Se respira en todo el juego la desconfianza, hasta el punto de que nos enteraremos de que los asesinos no son siete, sino ocho. Una desconfianza conspiranoica, que es una muestra también de la previsión o la intuición de Suda 51. Una conspiración, la de Killer7, que incluye tráfico de órganos, incluso de niños, que no es muy distinta de las majaderías de Qnon o, mirando a la actualidad estatal, de Alvise Pérez. La diferencia es que lo de Killer7 es una ficción hiperbólica, con el fin de reflejar ciertas preocupaciones reales. Viene a ser una alegoría de lo que Naomi Klein dice en su último libro, Doppelganger: un viaje al mundo del espejo:
Los conspiranoicos interpretan mal los hechos, pero sus sensaciones son acertadas: la sensación de vivir en un mundo con zonas de sombra, la sensación de que se nos ocultan verdades importantes.
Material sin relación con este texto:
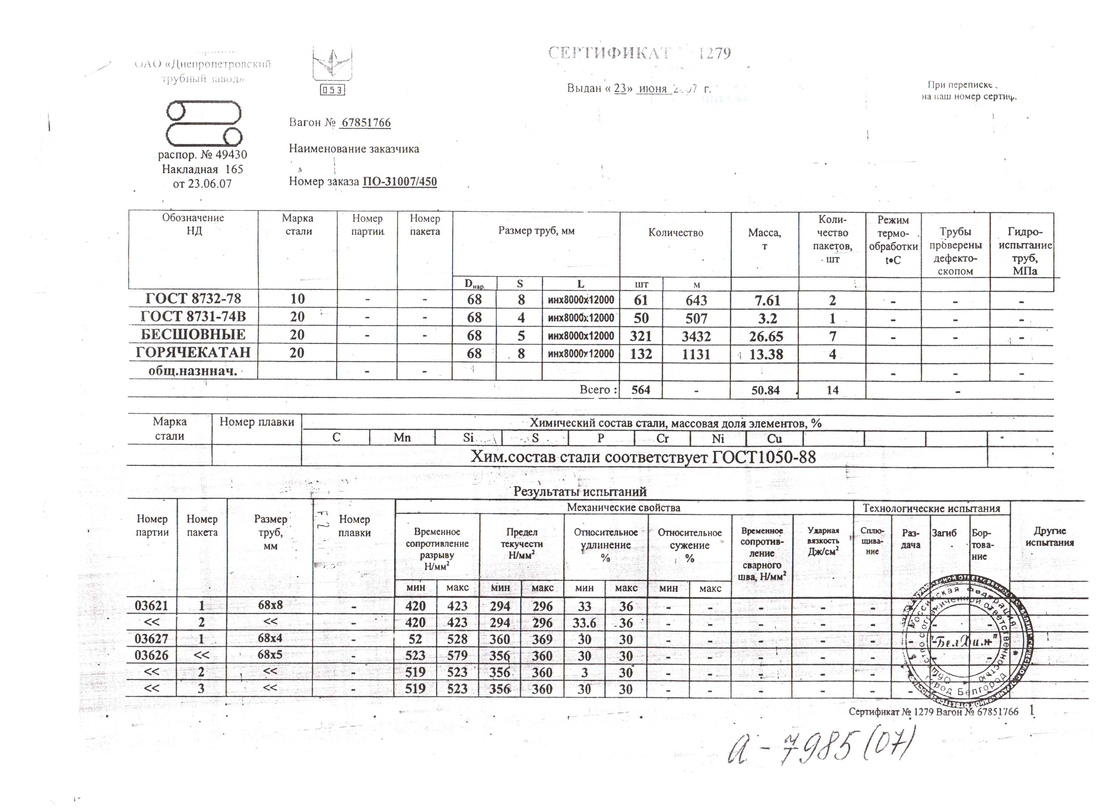 С каждой товарной позицией мы предоставляем все сертификаты и паспорта качества, а также товарно-транспортную накладную.
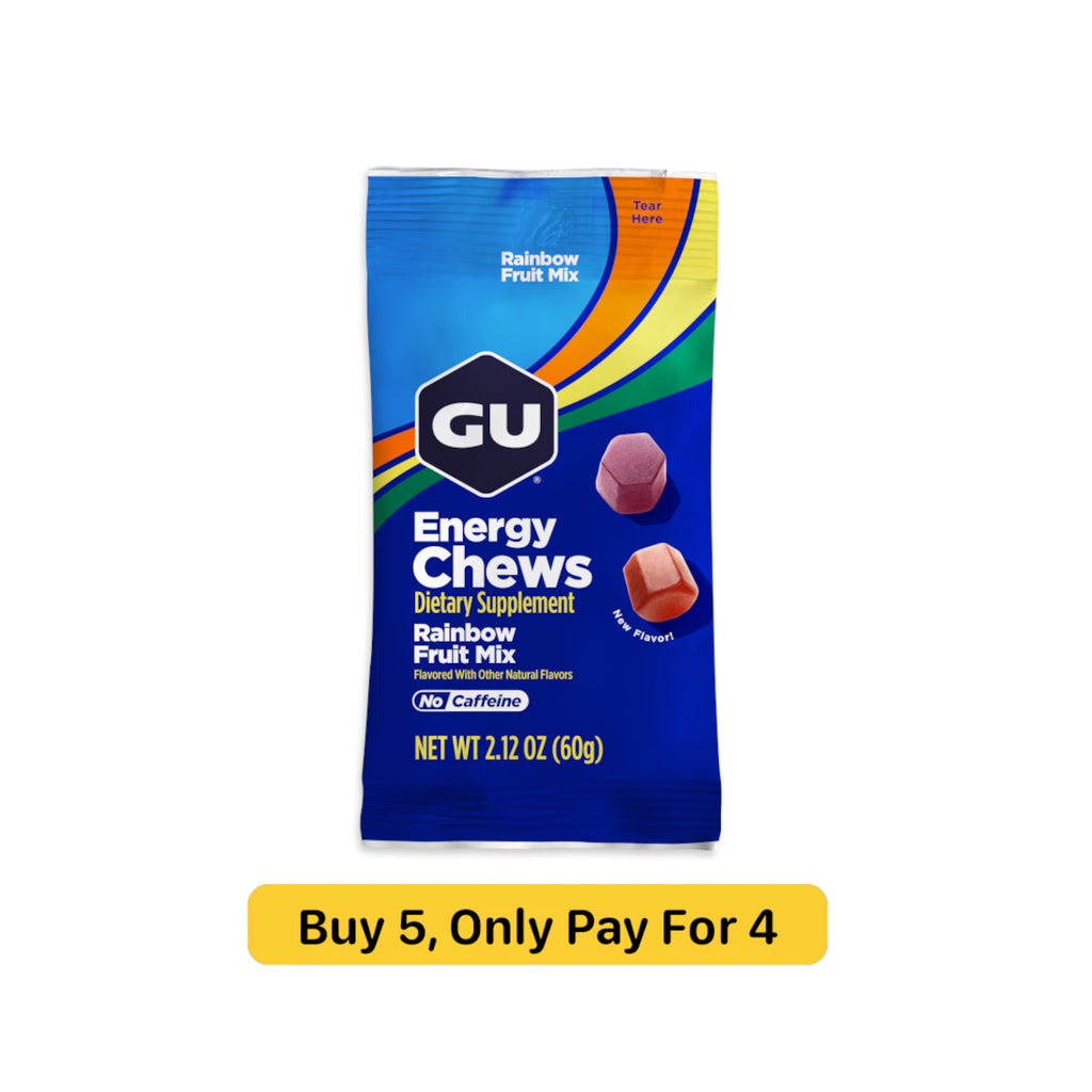GU Energy Chews are crafted to supply both energy and key nutrients like electrolytes and amino acids to keep you feeling strong and energized. Delicious, mouthwatering flavors help you stick to your nutrition plan, so you can keep going. Energy Chews have similar nutrients per serving to the original GU Energy Gels, delivering the energy you need in chewable, bite-sized pieces.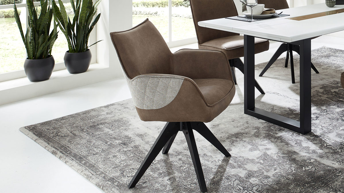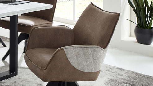 brauner Stoffbezug im Antikleder-Look, kombiniert mit beige-braun meliertem Stoffbezug mit Rautensteppung und mattschwarzem Metall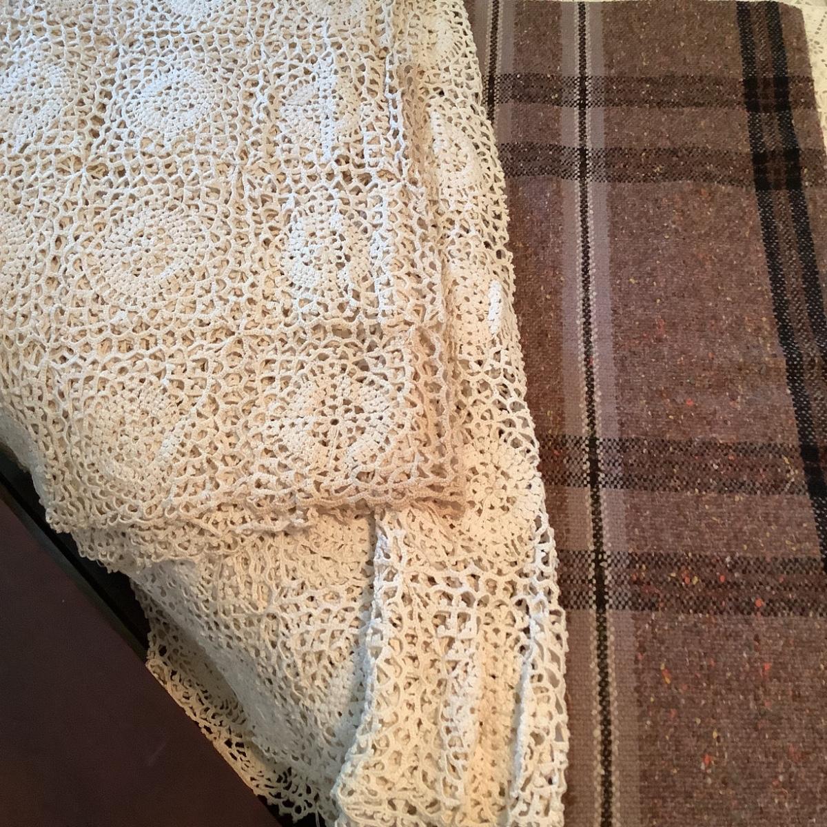 E1199 Lot of Vintage Hand Crocheted Coverlet and Throw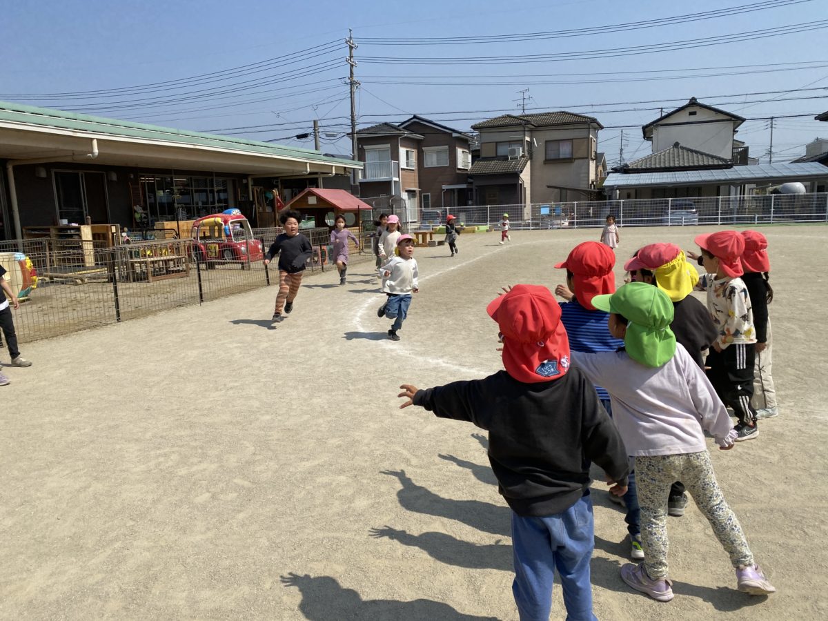 もう今年度最後になってしまうかもしれないおにレンチャンリレー。緊張の真剣勝負!の一走者のお友だちから二走者のお友だちにバトンタッチ!の瞬間です。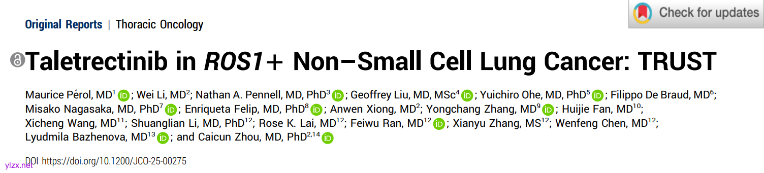 JCO | TRUST研究结果:他雷替尼在ROS1阳性NSCLC患者中的高缓解率与持久疗效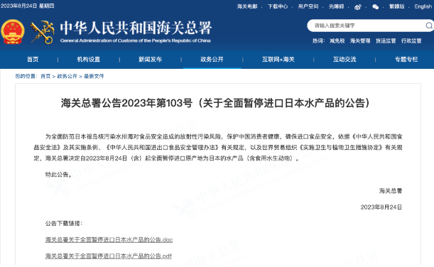 依據(jù)我國法律法規(guī)相關(guān)規(guī)定,以及世界貿(mào)易組織《實施衛(wèi)生與植物衛(wèi)生措施協(xié)定》相關(guān)規(guī)定,海關(guān)總署決定對原產(chǎn)地為日本的水產(chǎn)品采取緊急措施,自2023年8月24日(含)起全面暫停進口原產(chǎn)地為日本的水產(chǎn)品(含食用水生動物)。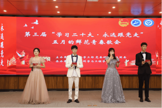 本网讯(通讯员 张茜 热孜瓦古力)5月6日晚18:30,武汉工程大学第三届“学习党的二十大·永远跟党走”暨五月的鲜花青春歌会在图灵报告厅成功举行。本次活动由党委学工部、党委研工部、校团委主办,材料科学与工程学院承办,校党委副书记李志旭、党委学工部部长吕容涛、党委研工部副部长陈朝娟、校团委副书记翟莹、材料学院党委书记王涛、院长江学良、马克思主义学院党委副书记陈俊、材料学院党委副书记张琼、高材系主任游峰老师以及学工办全体辅导员、荣获“五四”表彰荣誉的先进集体和个人代表、2022级全体学生欢聚一堂。晚会线上线下同步进行。

El nombre del sistema que provoca esas sensaciones empieza por C, pero si nadie te ha enseñado cómo funciona el capitalismo y en cambio te han contado que va de libertad y días soleados y Big Macs y acatar las reglas para conseguir la vida que mereces, es comprensible que lo confundas con otra palabra que empieza por C: conspiración.
Es una realidad, un pensamiento, incómodo y agreste, tanto como lo es el sistema de control y combate de Killer7 cuando te lo encuentras por primera vez, tan restrictivo, tan volátil… pero a pesar de todo, tan funcional y válido que nos lleva a dominarlo, cumplir los objetivos y desentrañar toda la verdad. Quizás ahí resida la clave de todo: en pensar con incomodidad sin ser carne de meme.
Tras todo este homenaje a Killer7, cabría pensar que clamo por un remake pero nada más lejos. Es un juego, una obra, que se debe quedar como está. ¿Y por qué homenajearlo a un año de su vigésimo aniversario y no entonces? Realmente, creo que es lo más Suda 51 que podía hacer.